SUPPLIED RECORDS Block Start

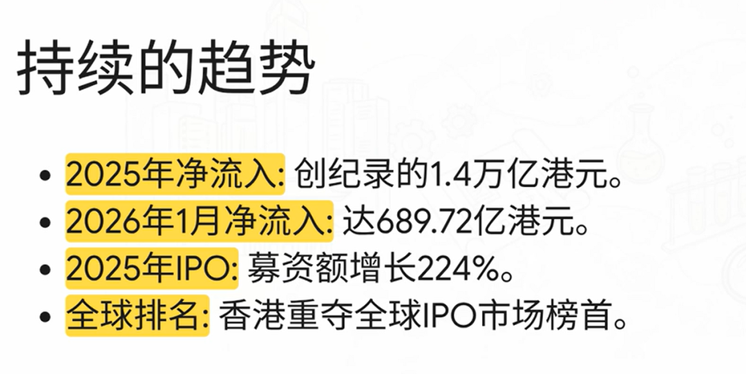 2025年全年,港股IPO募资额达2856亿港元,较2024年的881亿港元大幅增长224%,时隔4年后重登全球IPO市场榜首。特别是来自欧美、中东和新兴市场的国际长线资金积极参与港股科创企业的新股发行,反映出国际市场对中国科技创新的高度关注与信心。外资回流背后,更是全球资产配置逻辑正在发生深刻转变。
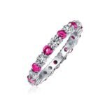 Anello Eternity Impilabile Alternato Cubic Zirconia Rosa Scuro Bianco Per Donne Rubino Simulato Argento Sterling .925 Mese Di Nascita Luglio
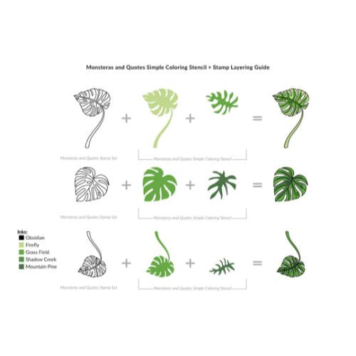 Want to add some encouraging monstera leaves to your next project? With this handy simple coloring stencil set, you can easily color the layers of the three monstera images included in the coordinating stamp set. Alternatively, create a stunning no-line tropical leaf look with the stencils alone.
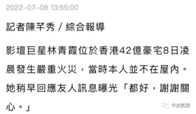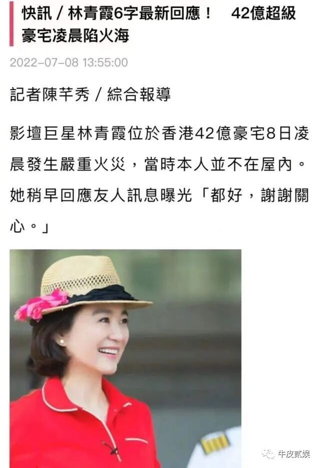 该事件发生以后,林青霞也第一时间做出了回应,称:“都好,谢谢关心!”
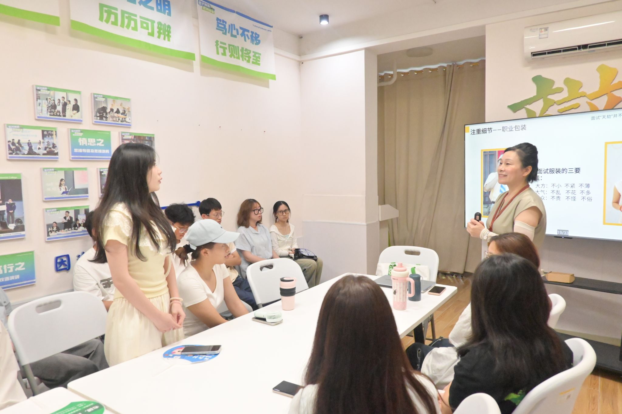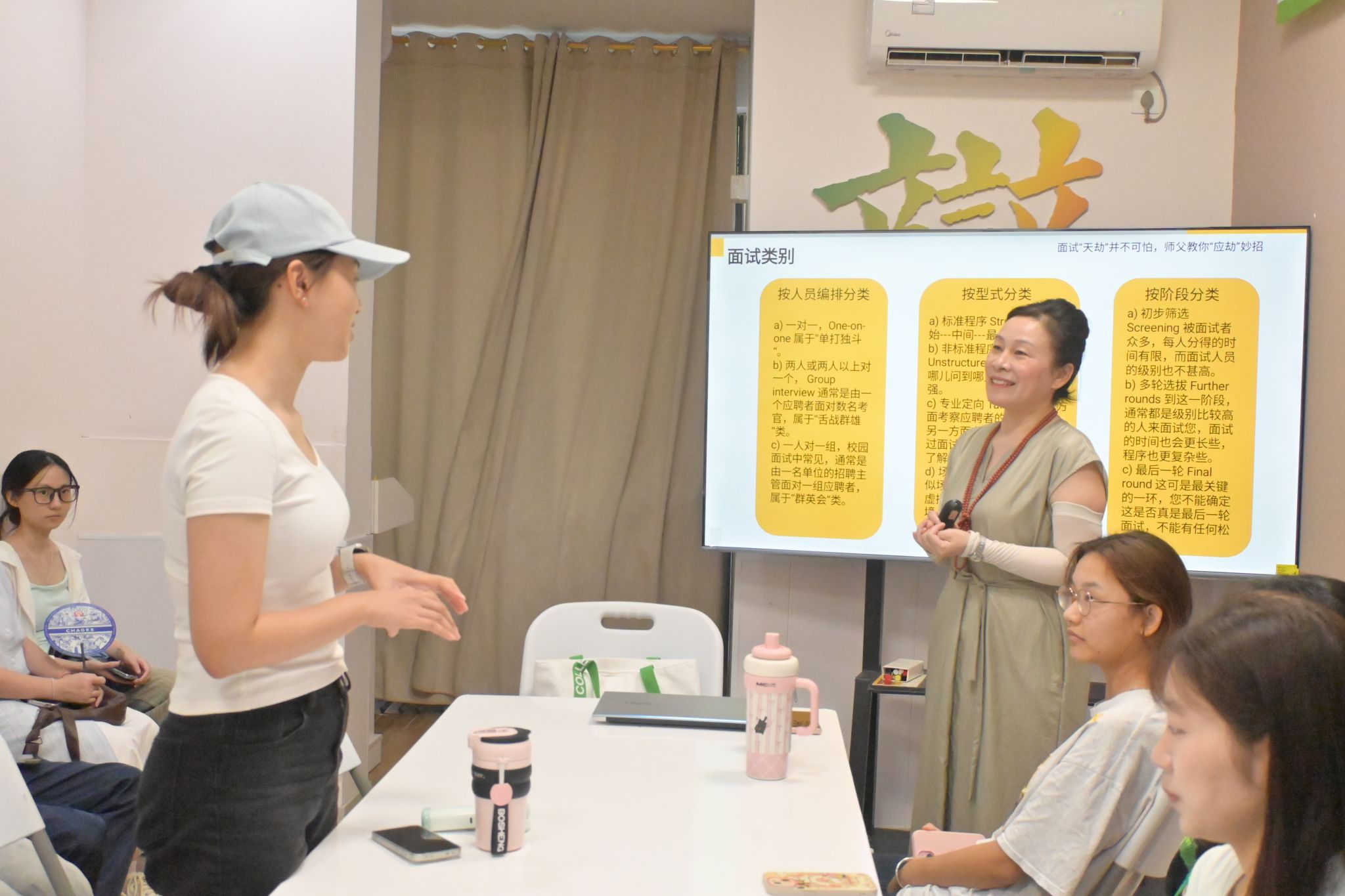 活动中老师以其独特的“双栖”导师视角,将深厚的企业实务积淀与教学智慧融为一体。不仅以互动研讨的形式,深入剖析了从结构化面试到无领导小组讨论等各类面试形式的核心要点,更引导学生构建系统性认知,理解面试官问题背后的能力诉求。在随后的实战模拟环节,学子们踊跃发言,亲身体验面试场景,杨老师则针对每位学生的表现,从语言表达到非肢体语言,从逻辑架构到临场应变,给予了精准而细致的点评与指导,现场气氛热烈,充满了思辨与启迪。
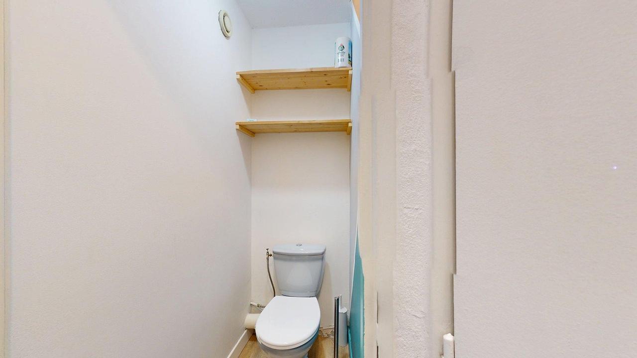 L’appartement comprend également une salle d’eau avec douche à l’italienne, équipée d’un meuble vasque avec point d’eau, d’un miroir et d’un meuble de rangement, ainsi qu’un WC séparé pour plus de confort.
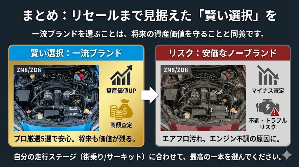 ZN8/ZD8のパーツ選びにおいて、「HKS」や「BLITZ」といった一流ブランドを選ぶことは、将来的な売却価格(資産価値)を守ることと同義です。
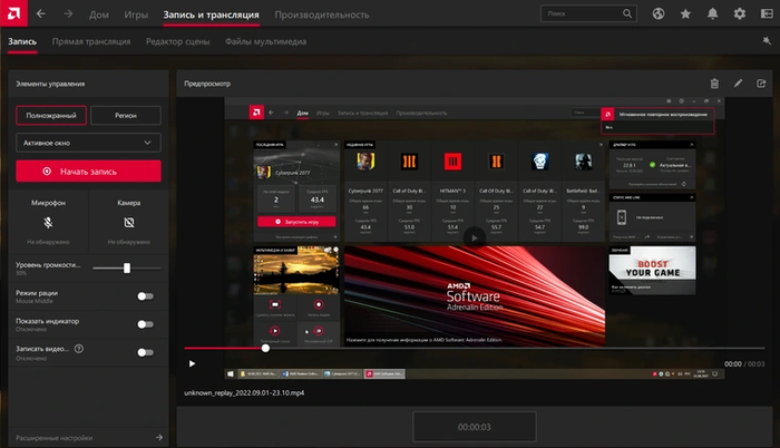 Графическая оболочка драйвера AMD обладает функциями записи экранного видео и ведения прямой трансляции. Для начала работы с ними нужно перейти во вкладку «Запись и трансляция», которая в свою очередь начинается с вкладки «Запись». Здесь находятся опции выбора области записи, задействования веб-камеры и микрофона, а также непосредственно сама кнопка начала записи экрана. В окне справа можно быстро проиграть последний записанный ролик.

SUPPLIED RECORDS Block End
SUPPLIED RECORDS Block Start

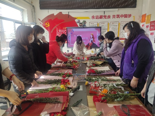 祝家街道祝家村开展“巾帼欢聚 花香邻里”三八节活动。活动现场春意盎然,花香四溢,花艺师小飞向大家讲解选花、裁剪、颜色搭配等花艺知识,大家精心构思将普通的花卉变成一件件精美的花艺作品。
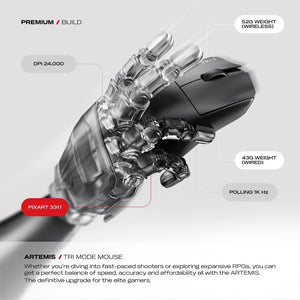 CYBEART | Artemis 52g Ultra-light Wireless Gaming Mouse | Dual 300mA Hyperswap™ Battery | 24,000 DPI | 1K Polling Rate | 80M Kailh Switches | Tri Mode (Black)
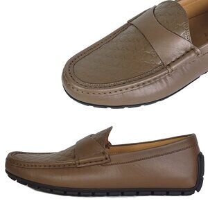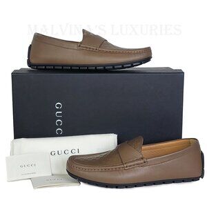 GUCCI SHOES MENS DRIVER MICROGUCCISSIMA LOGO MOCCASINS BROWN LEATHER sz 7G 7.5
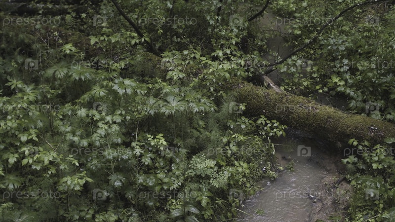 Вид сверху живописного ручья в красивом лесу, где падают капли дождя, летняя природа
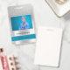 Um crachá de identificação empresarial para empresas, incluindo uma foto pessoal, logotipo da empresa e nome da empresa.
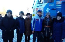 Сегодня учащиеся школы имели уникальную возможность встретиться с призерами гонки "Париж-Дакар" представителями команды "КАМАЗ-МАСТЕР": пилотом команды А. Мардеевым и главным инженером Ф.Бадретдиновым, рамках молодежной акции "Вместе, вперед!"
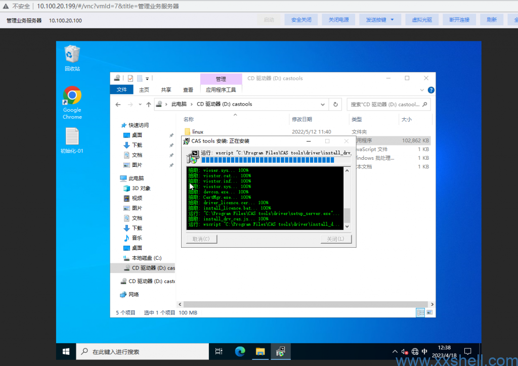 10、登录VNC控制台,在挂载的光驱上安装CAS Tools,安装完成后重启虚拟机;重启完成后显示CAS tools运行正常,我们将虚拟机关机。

SUPPLIED RECORDS Block End
SUPPLIED RECORDS Block Start

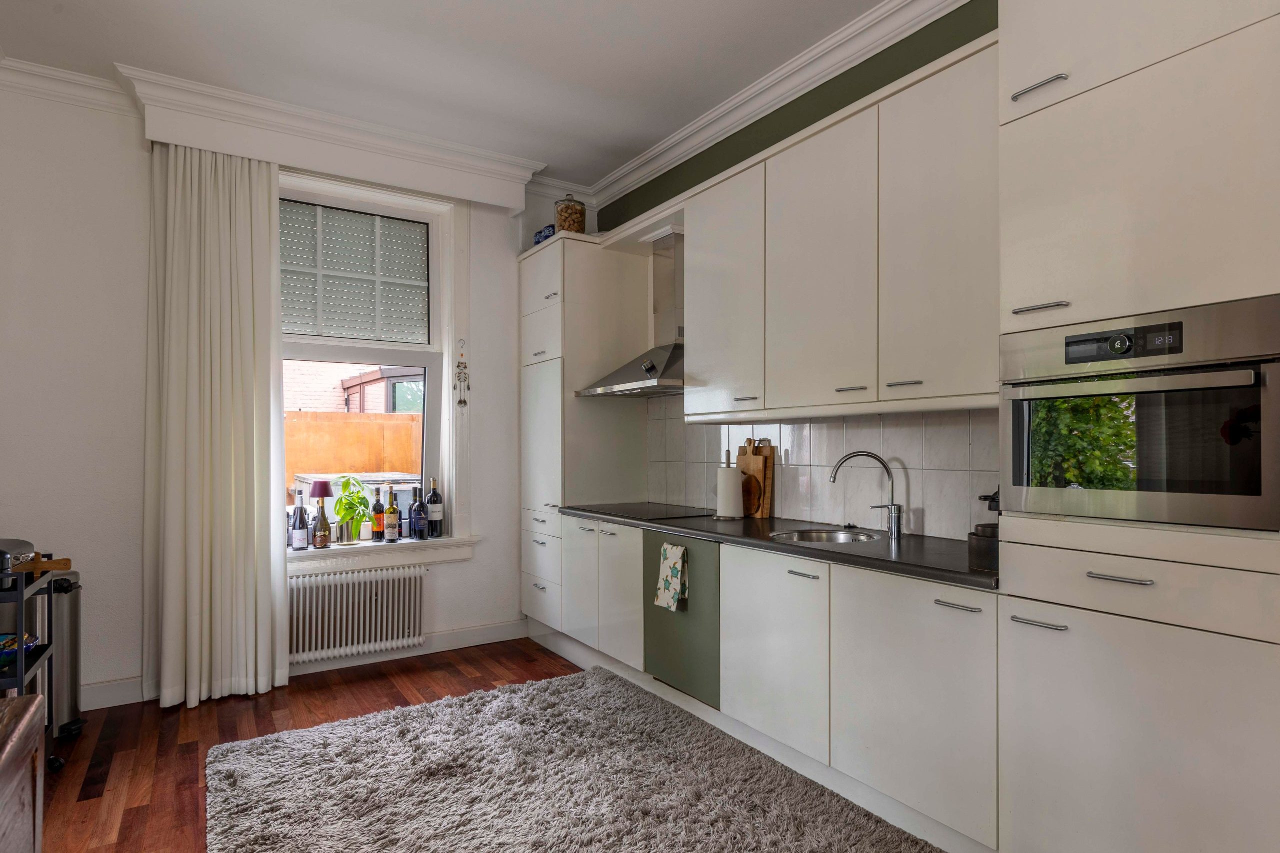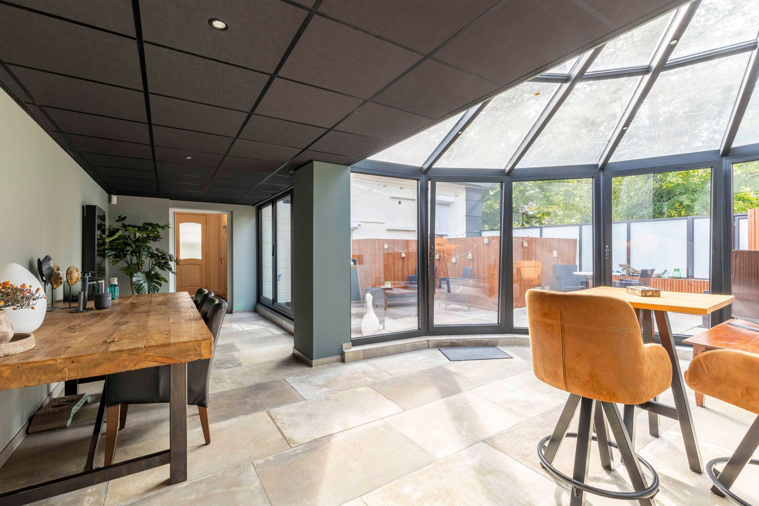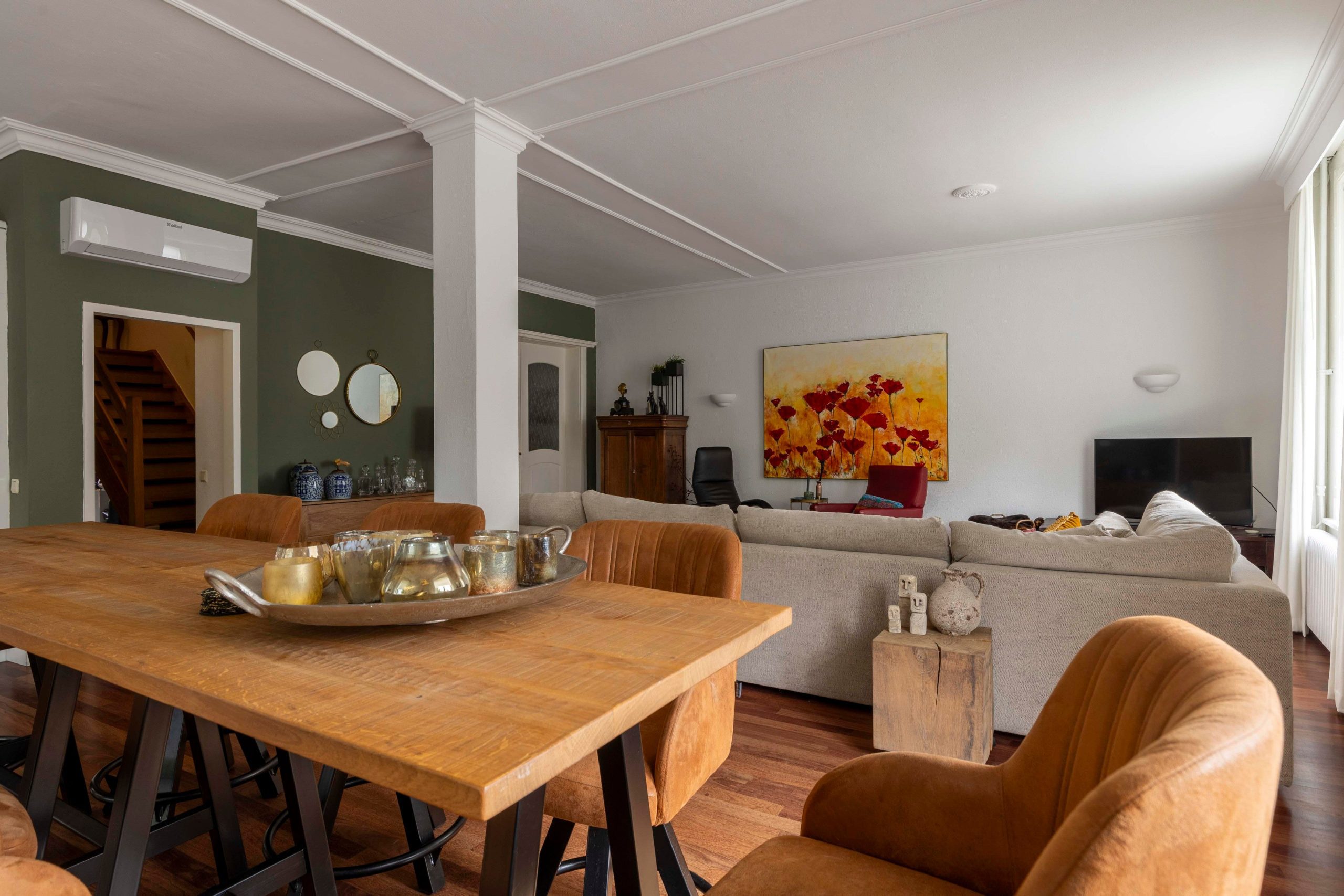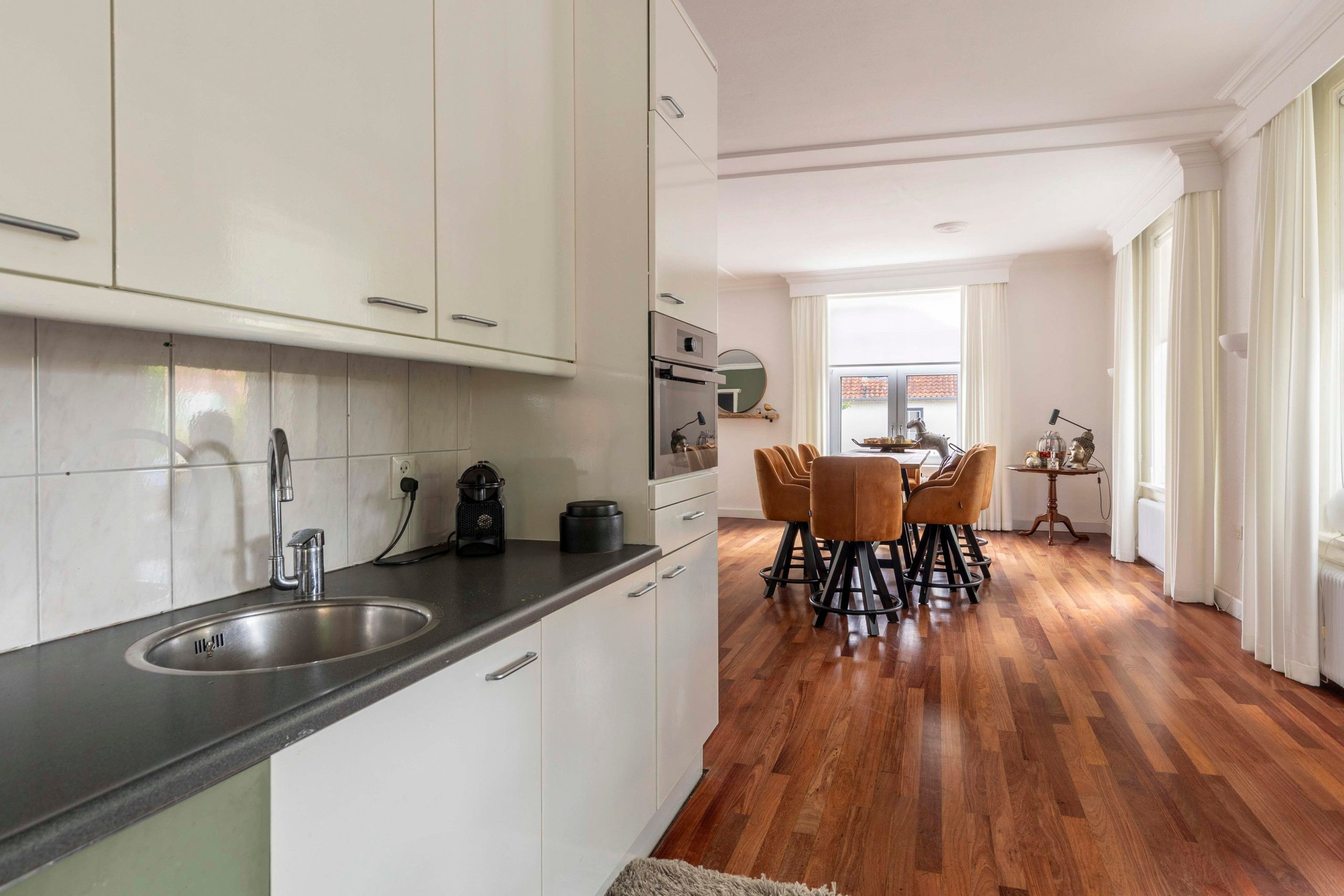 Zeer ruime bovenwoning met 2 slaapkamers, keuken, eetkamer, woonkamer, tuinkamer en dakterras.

SUPPLIED RECORDS Block End

▶ **TASK GOAL**:
Start at the line above containing "CYBEART | Artemis" and stop at the line containing "Um crachá de": print those lines and everything between them exactly, but not the pictures.

▶ **TASK RESPONSE**:
 CYBEART | Artemis 52g Ultra-light Wireless Gaming Mouse | Dual 300mA Hyperswap™ Battery | 24,000 DPI | 1K Polling Rate | 80M Kailh Switches | Tri Mode (Black)
 GUCCI SHOES MENS DRIVER MICROGUCCISSIMA LOGO MOCCASINS BROWN LEATHER sz 7G 7.5
 Вид сверху живописного ручья в красивом лесу, где падают капли дождя, летняя природа
 Um crachá de identificação empresarial para empresas, incluindo uma foto pessoal, logotipo da empresa e nome da empresa.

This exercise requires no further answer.